• EXERCISE AIM
From the first line of the data below through the line bearing "グロボーサさん☺️ ピレア属のセルピラケア・グロボーサというらしい🤔 写真で見て一目惚れ🌟", reproduce each line exactly; do not include pictures.

[Stored records]

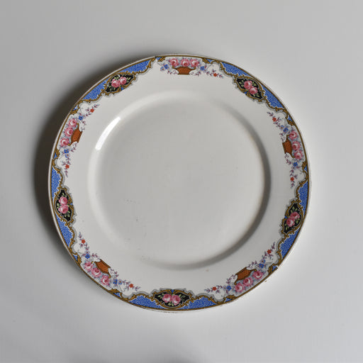 Digoin&Sarreguemines窯のヴィンテージデザートプレートです。 キリッとした絵柄が美しく、エレガントな雰囲気。 ブルーとピンクの色合いも素敵です。 状態:カトラリー跡やシミが見られます。 サイズ:直径20.5cm 高さ1.5cm 年代:1920~1950年
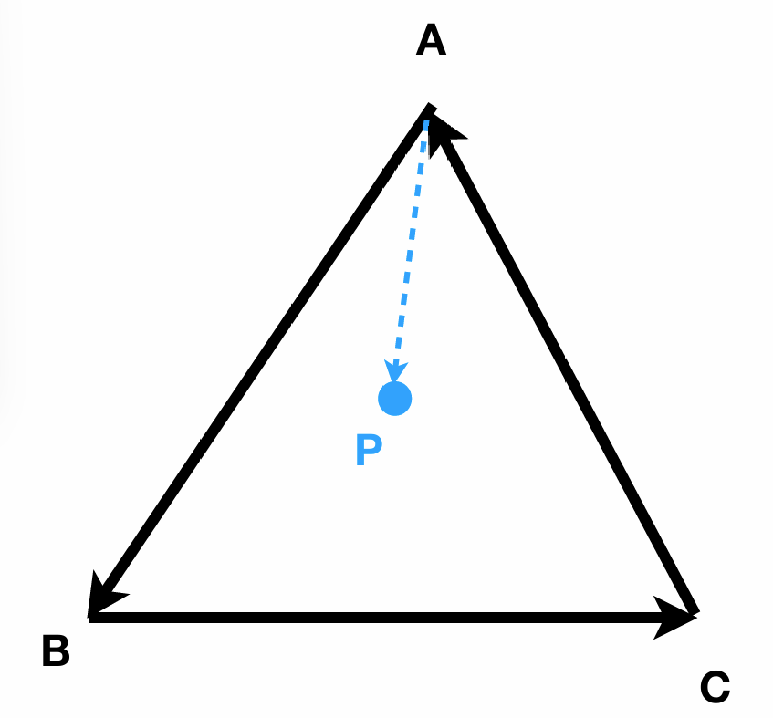 - 判定内和外: 例如在三角型中, 要判断点P是否在三角形ABC内部, 可以通过向量$\vec{AB}$和向量$\vec{AP}$的叉乘结果的$z$分量的正负来判断
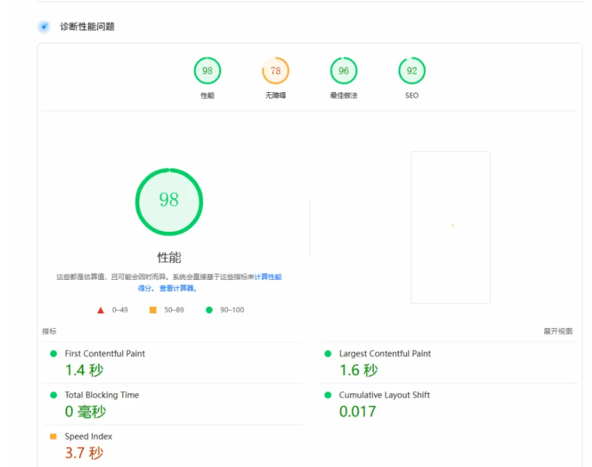 PageSpeed达标,移动端无阻塞。
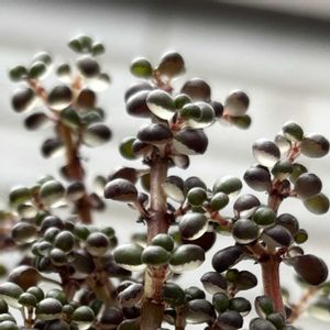 グロボーサさん☺️ ピレア属のセルピラケア・グロボーサというらしい🤔 写真で見て一目惚れ🌟 以前楽天見つけてお迎えしました。 下半分透けてるのが水晶みたいでとても綺麗✨ 冬に過保護にしたらあまり赤くならず、湿度を好むけど夏の根腐れに注意と……難しそうかも知れませんが、秋にもっさもっさ増やせるようにがんばるぞ💪
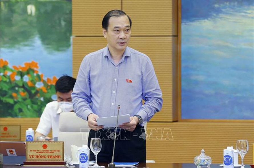 Chủ nhiệm Ủy ban Kinh tế của Quốc hội Vũ Hồng Thanh, Phó Trưởng đoàn Thường trực Đoàn giám sát trình bày các văn bản liên quan. Ảnh: Doãn Tấn/TTXVN
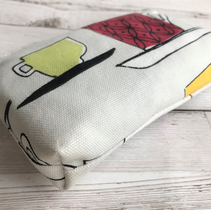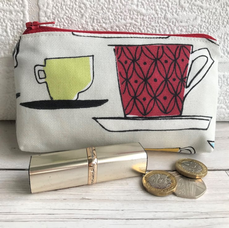 This large purse could be used as a coin purse and is large enough for bank cards and keys. It is also large enough to be used as a small make up bag or as a mobile phone pouch. With its characterful teacups pattern, it would make a lovely small gift, particularly for a tea or coffee lover.
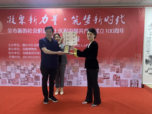 为庆祝中国共产党成立100周年,充分表达广大新的社会阶层人士热爱党、热爱祖国的家国情怀,烟台市社会组织联合会、新的社会阶层人士联谊会于2021年6月26日上午9:30在佳隆古玩城展厅举办了“凝聚新力量·筑梦新时代” ——全市新的社会阶层人士庆祝中国共产党成立100周年艺术作品展。
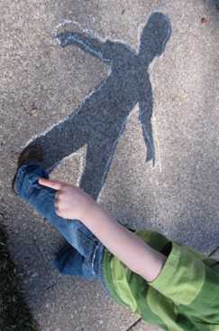 The following images show someone tracing their toys and then their whole body, in chalk on the pavement.
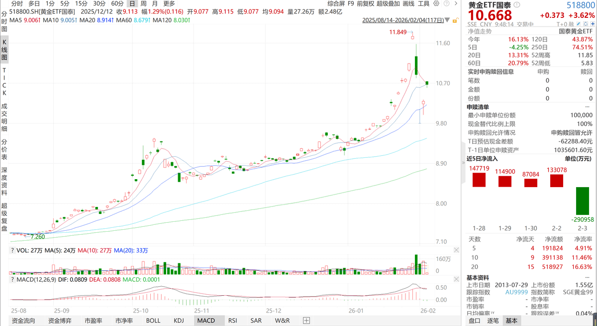 近期黄金市场可谓上演了“过山车”行情,在创下历史新高后经历了大幅回调,国内黄金ETF也未能幸免,一度出现大面积跌停。黄金市场的“冰与火之歌”开启,今日黄金再次反弹,黄金ETF国泰(518800)盘中涨超3.6%。
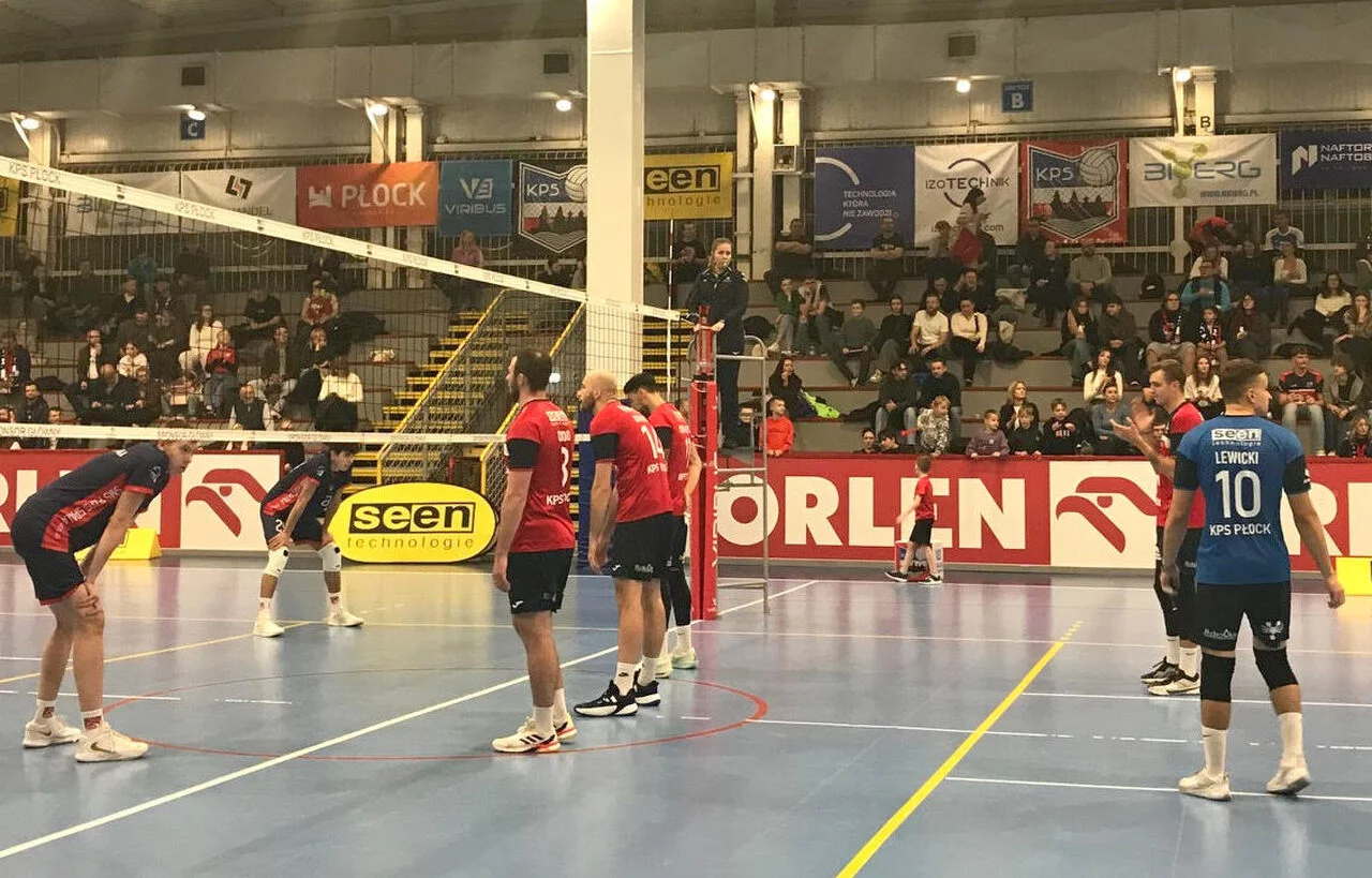 W pierwszym secie sobotniego pojedynku początek był dość wyrównany, ale KPS odskoczył na 3 punkty (8:5). Przy stanie 20:17 Błonie poderwało się do walki, na tablicy pokazał się wynik po 20! Przy remisie po 21 nastąpił mały "odjazd" zespołu z Płocka na 24:21, a set po ataku Przemysława Czado z lewego skrzydła został wygrany przez gości 25:22.
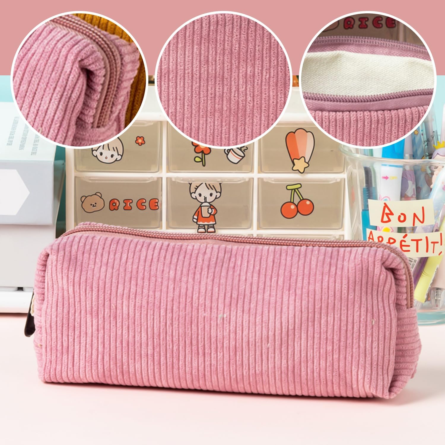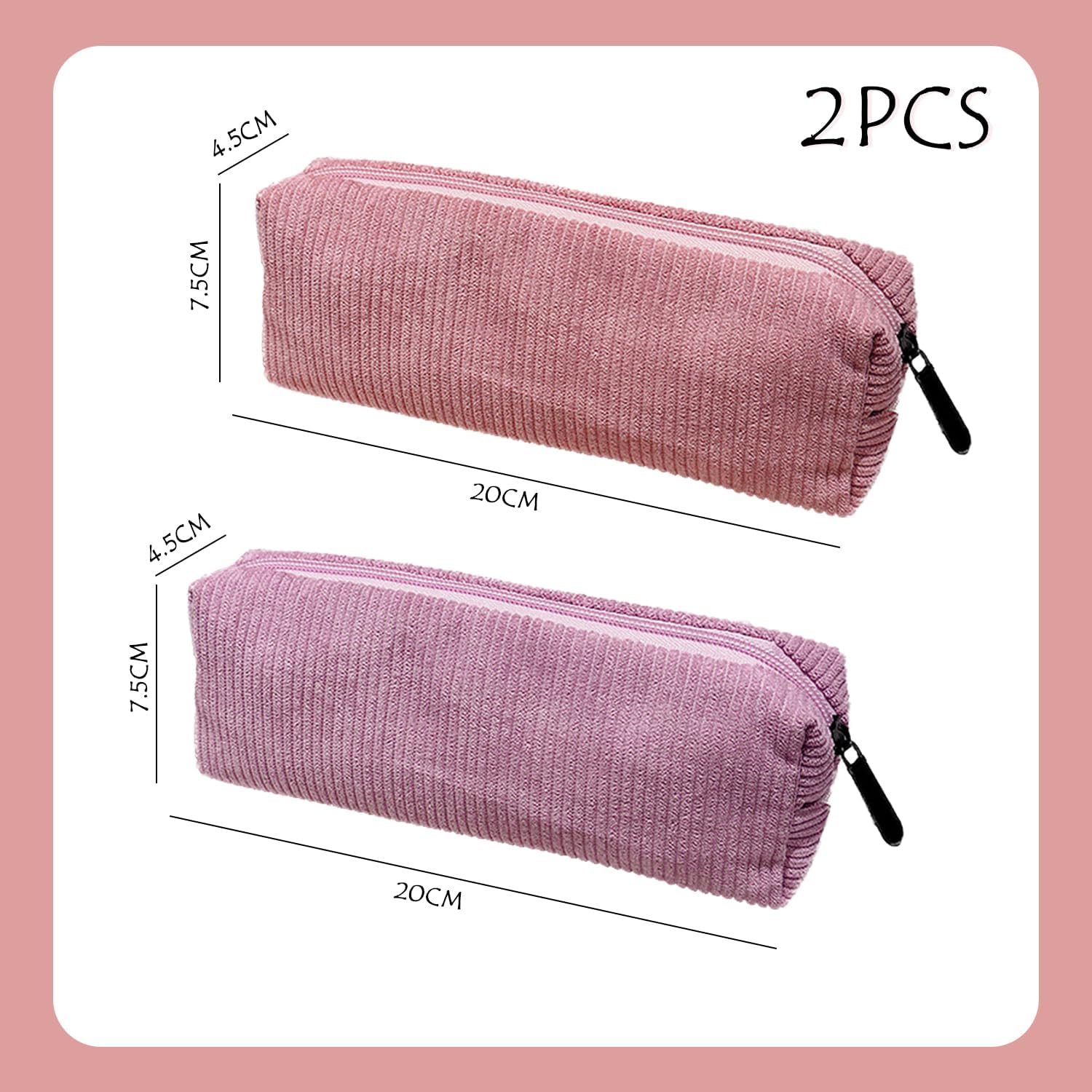 【Contenuto Del Prodotto】Riceverai 2 Astucci In Velluto A Coste. Le Dimensioni Di Ogni Astuccio Sono 20*4, 5*7, 5 Cm E I Colori Sono Polvere Di Pasta Di Fagioli E Rosa, Adatti Per Riporre La Cancelleria Degli Studenti. 【Materiale Del Prodotto】 Questo Prodotto È Realizzato In Materiale Di Velluto A Coste, Morbido E Resistente. Il Materiale In Velluto A Coste Non Solo È Comodo, Ma Ha Anche Una Buona Durata E Praticità, Rendendolo Adatto All'Uso Quotidiano. 【Design Semplice】 Questo Prodotto Ha Un Design Semplice E Alla Moda Con Un Aspetto Elee, In Grado Di Soddisfare Le Esigenze Quotidiane Di Conservazione Della Cancelleria. Il Design Semplice Lo Rende Facile Da Trasportare E Utilizzare, Rendendolo Ideale Per Studenti E Impiegati. 【Applicazione Multifunzionale】 Questo Prodotto Non Può Essere Utilizzato Solo Come Scatola Di Cancelleria, Ma Può Anche Essere Utilizzato Per Conservare Cosmetici, Accessori Per Telefoni Cellulari E Altri Piccoli Oggetti. Il Design Multifunzionale Lo Rende Adatto Ad Un'Ampia Gamma Di Applicazioni E Soddisfa Diverse Esigenze Di Stoccaggio. Facile Da Pulire: Il Materiale In Velluto A Coste Rende Questo Articolo Facile Da Pulire, Basta Semplicemente Pulirlo Dopo L'Uso. Mantieni L'Astuccio Pulito E Ordinato, Prolungandone La Durata.

• WRITTEN SOLUTION
 Digoin&Sarreguemines窯のヴィンテージデザートプレートです。 キリッとした絵柄が美しく、エレガントな雰囲気。 ブルーとピンクの色合いも素敵です。 状態:カトラリー跡やシミが見られます。 サイズ:直径20.5cm 高さ1.5cm 年代:1920~1950年
 - 判定内和外: 例如在三角型中, 要判断点P是否在三角形ABC内部, 可以通过向量$\vec{AB}$和向量$\vec{AP}$的叉乘结果的$z$分量的正负来判断
 PageSpeed达标,移动端无阻塞。
 グロボーサさん☺️ ピレア属のセルピラケア・グロボーサというらしい🤔 写真で見て一目惚れ🌟 以前楽天見つけてお迎えしました。 下半分透けてるのが水晶みたいでとても綺麗✨ 冬に過保護にしたらあまり赤くならず、湿度を好むけど夏の根腐れに注意と……難しそうかも知れませんが、秋にもっさもっさ増やせるようにがんばるぞ💪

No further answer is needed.